= Anna Muggen =

Anna Jansdochter Muggen (d. 1608) was a Dutch woman and one of the last victims of the witch trials in the Netherlands.

== Biography ==
At the time of her prosecution in, Anna Muggen lived in Gorinchem, Holland. She was recently widowed, as her husband had died while fighting in the Eighty Years' War. Following his death, she began to behave erratically and exhibited depressive symptoms.

In May 1608, Muggen argued with a cobbler over his prices, uttering remarks that the cobbler interpreted as curses. The cobbler reported her for witchcraft, and she was arrested shortly afterwards on suspicion of making a pact with Satan.

Muggen freely confessed to all six charges raised against her, and voluntarily testified that the Devil gave her 200 guilders in return for each person she cursed. However, she also accused another local woman of conspiring with her. After Muggen was sentenced to death, local religious ministers successfully convinced the secular authorities to spare Muggen's alleged co-conspirator.

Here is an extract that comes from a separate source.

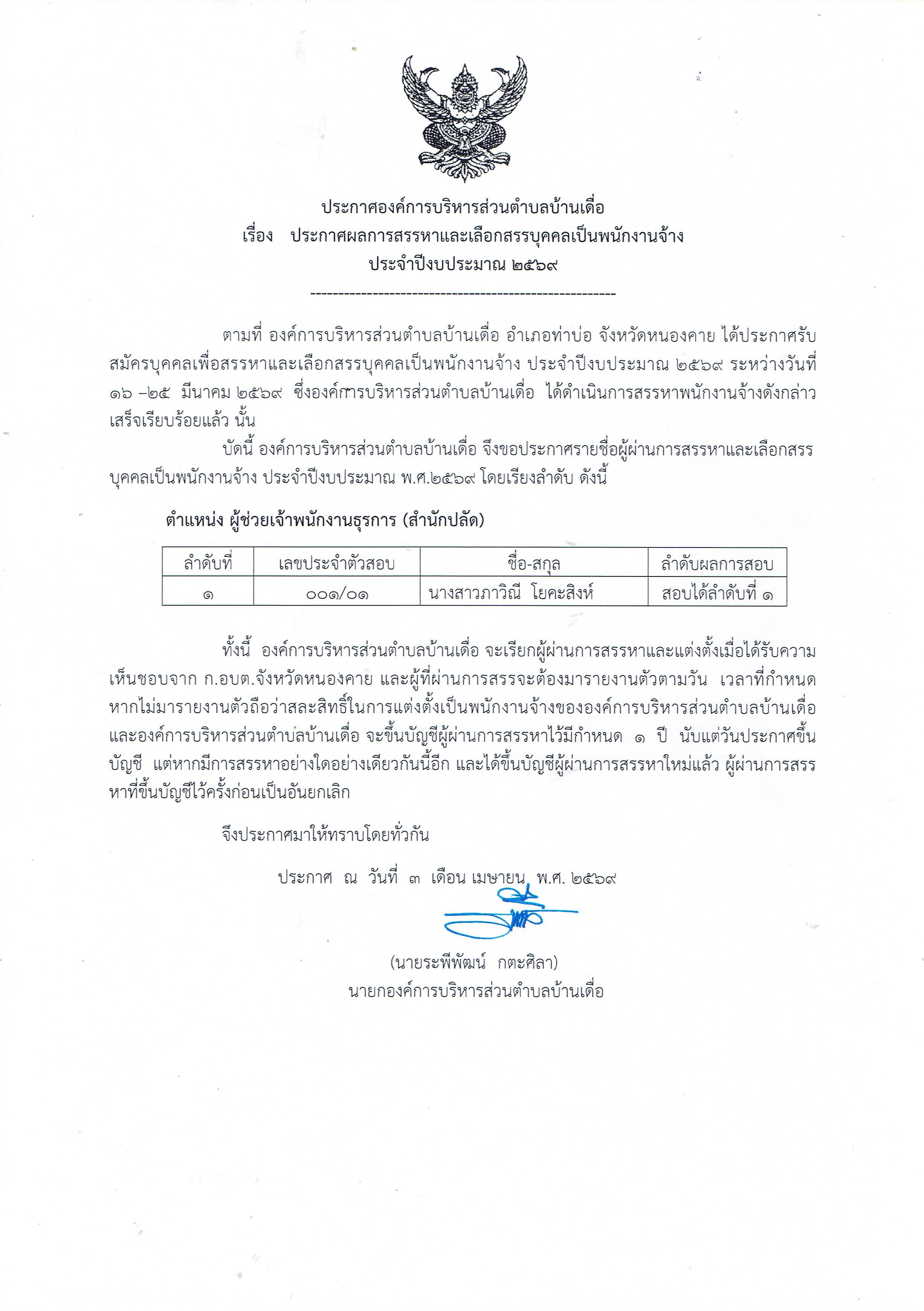 ประกาศองค์การบริหารส่วนตำบลบ้านเดื่อ เรื่อง ประกาศผลการสรรหาและเลือกสรรบุคคลเป็นพนักงานจ้าง ประจำปีงบประมาณ พ.ศ. 2569 |

Following a speedy trial, Muggen was strangled to death, with her body burnt at the stake in Gorinchem's market square. She is sometimes erroneously referred to as the last Dutch person executed for witchcraft, though her case was followed by prosecutions including the 1610 Bredevoort witch trials.

==Legacy==

=== In folklore ===
According to local legend, she used her last words to curse Gorinchem with eternal rain. Rain began to fall just as her pyre was set alight, causing bystanders to disperse. Local folklore also provides that Muggen haunts the market square where she died.

=== In music ===
The 2024 song "Anna's Woe" by Dutch metal band Officium Triste is based on Muggen's case.